# Hi everyone...new here



## debby (Feb 20, 2013)

Can anyone suggest a good incubator for a newbie to get ? Ive been raising chickens for 7 years, but i would love to start hatching my own..thanks in advance for any help !


----------



## Energyvet (Jul 25, 2012)

Everyone I know swears by brinsea.


----------



## 513 (Jul 9, 2012)

Yeh I've the brinsea Eco 20 and its fab...you can get good deals on eBay or sometimes direct


----------



## rob (Jun 20, 2012)

hello and welcome to the forum


----------



## Apyl (Jun 20, 2012)

Hi and welcome to the forum. I personally have a Little Giant. I see no issues with it, it keep temp and humidity and those are your two key elements in incubating.
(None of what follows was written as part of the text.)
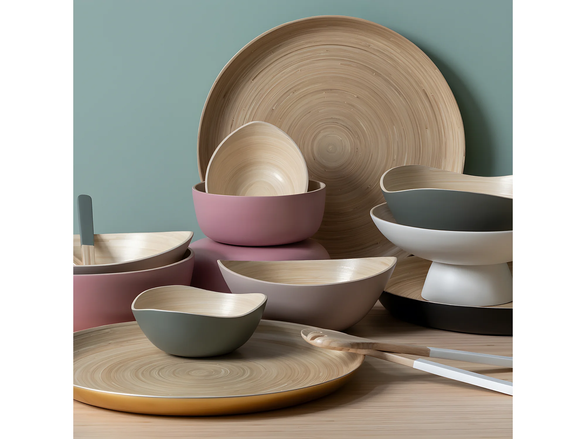 Lot de 3 saladiers rond en bambou Vert Present Time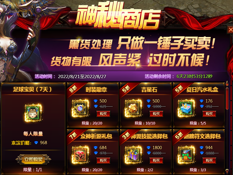 活动内容:神秘商品限时折扣,货物稀有,难得一见,快来选购吧。

I got mine for $30 at Tractor Supply during a sale.


----------



## twentynine (Jul 11, 2012)

Hello!!

Using two homemade incubators.

If I were to buy one, Brinsea.


----------



## debby (Feb 20, 2013)

Thank you everyone !


----------



## robopetz (Oct 16, 2012)

What did you decide on? U have a homemade ine and contemplating on a brinsea. Btw very cute chick in your avatar. A polish?


----------



## bufforphingtonbreeder189 (Feb 23, 2013)

What is the max amount of a days an egg can sit out before going into the incubator?


----------



## robopetz (Oct 16, 2012)

7-10 days.


----------



## bufforphingtonbreeder189 (Feb 23, 2013)

Thanks! That really helps!


----------



## Chicks4me (Jan 21, 2013)

i have a hovabator. they have great deals on amazon.


----------